Cleaning Up ASP.NET Sessions in Google

ASP.NET and Dirty Urls

There are two things that have been bothering me about pages that are getting indexed in Google from an ASP.NET application. The first is somehow there are ASP.NET Session Urls ending up in the Google index. This is bad because searchers that actually do click these links are likely to get a 500 error (internal server error) because they will be trying to access a page of an expired session.

Indexed Session Urls in Google Sitemap tools

How is Google finding all these 'bad' urls?

Well apparently there is no browser definition in ASP.NET 2.0 for the Googlebot's useragent string, so when the spider hits your ASP.NET page it's browser capabilities are not defined.

Edit: The default browser capabilities are defined to use cookies, the issue occurs because the base Mozilla definition is defined to NOT use cookies. If the browser is not able to accept cookeis .NET gets around this by inserting the session information into the Url and issues a 302 (content temporarily moved) in the response header.

This default behaviour is a good and a bad thing. It's good in the fact that if I'm browsing an asp.net site on a pda that doesn't support cookies I still can. However just about every search engine spider ever created has it's own UserAgent string making it a tough task to issue the standard non-crufted url. One solution to fixing the session urls being indexed in Google is to tell your asp.net application that Googlebot supports cookies and the problem is solved.

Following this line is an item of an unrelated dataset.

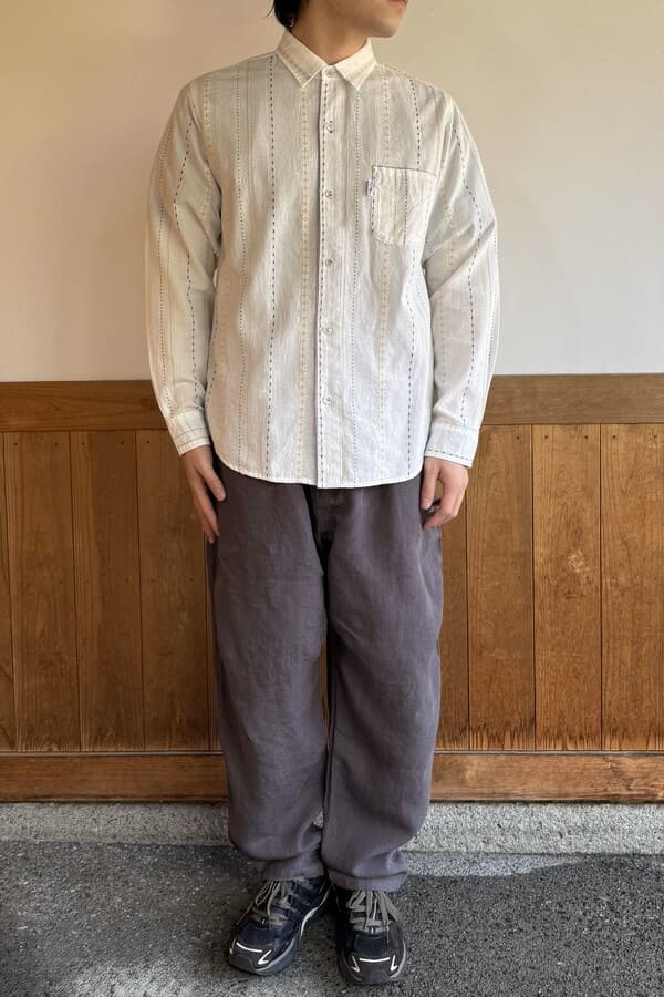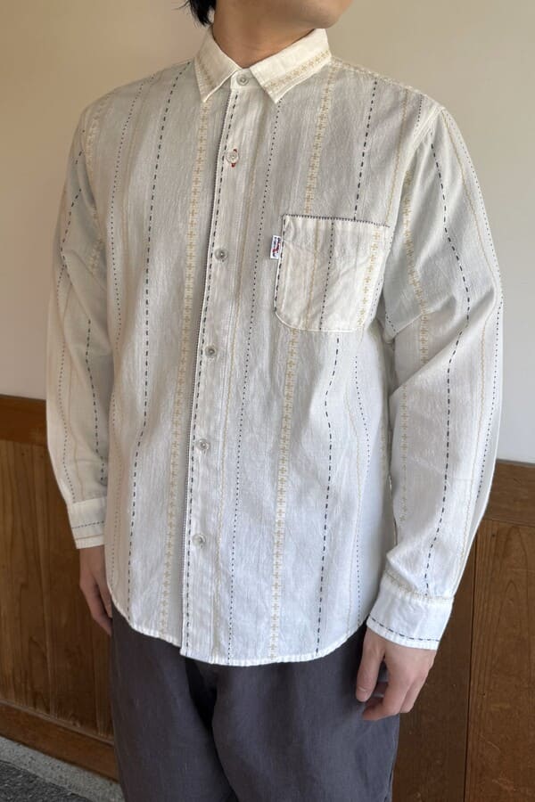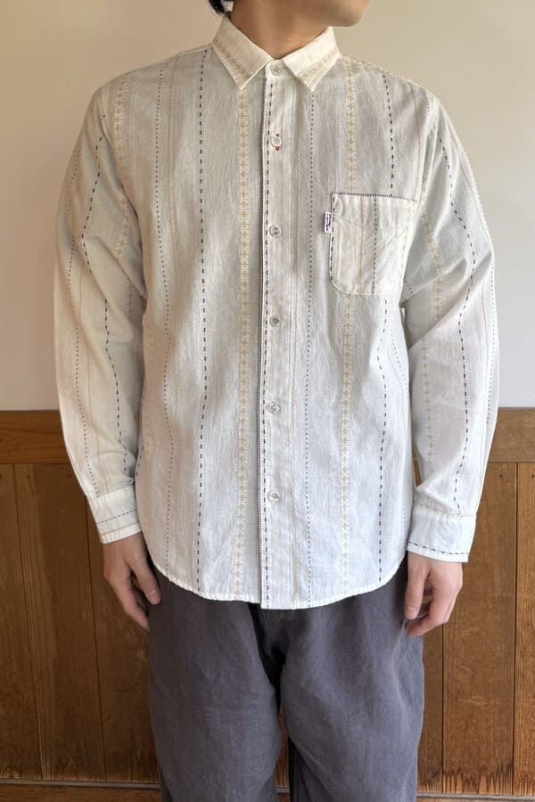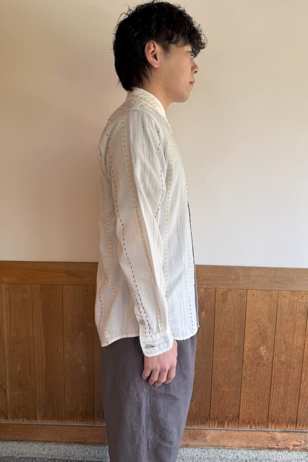 ほんのり立体感のあるドビークロス素材を使用し、台襟シャツをお作りしました。

To read more about the solution please see my next post.

Dynamic Captcha build-up

Another dynamic aspect that is used on this site are Captcha images, and yes Google's image spider finds those too. Upon trying a Google image search on my domain, it's littered with Captcha images! I've also added an exclude to the robots.txt file for this.

Captcha image build-up in Google image search

Solution for Captcha images build-up and stop-gap solution for Session Urls

Here is my "robots.txt" file so far for my SingleUserBlog install. *Note the last two lines, "Disallow: /(A(*" should exclude any ASP.NET session urls, (this is not recommended unless you have fixed the Mozilla detection hole). The last line should exclude any captcha images from being indexed.

User-agent: *
Disallow: /LoginPage.aspx
Disallow: /Administration/
Disallow: /(A(*
Disallow: /Captcha.ashx*$

.NET Code Snippets SingleUserBlog Errors and Bugs ASP.NET SEO.NET
Posted by: Brendan Kowitz
Last revised: 21 Sep 2013 12:15PM

Comments

12/12/2006 12:04:15 PM
Blimey. Great post (and the followup). Any idea why SingleUserBlog would need session state? I know asp.net has it on by default, but it's not actually used anywhere, is it?

Cheers
Matt
12/12/2006 2:21:52 PM
I use a session variable to track user stats with the "Online Presence" webpart. But it looks like the comment form uses session stuff too:

Session["Comment_RandomText"]
12/12/2006 10:37:01 PM
Ah. Looks like I'd better turn it back on then! I'll add the browser definition from your other post - dead useful, thanks.
10/19/2008 4:39:28 PM
Just a friendly helpful hint, no-takey-offense, but "it's" is a contraction for "it is".

When you want to speak of a possessive form such as "there's a dog. It's wagging its tail." you drop the apostrophe.

Hope this helps! Spread the word!
10/19/2008 8:14:14 PM
Awesome, I'll be sure to tag this post with 'English+lessons' :)

No new comments are allowed on this post.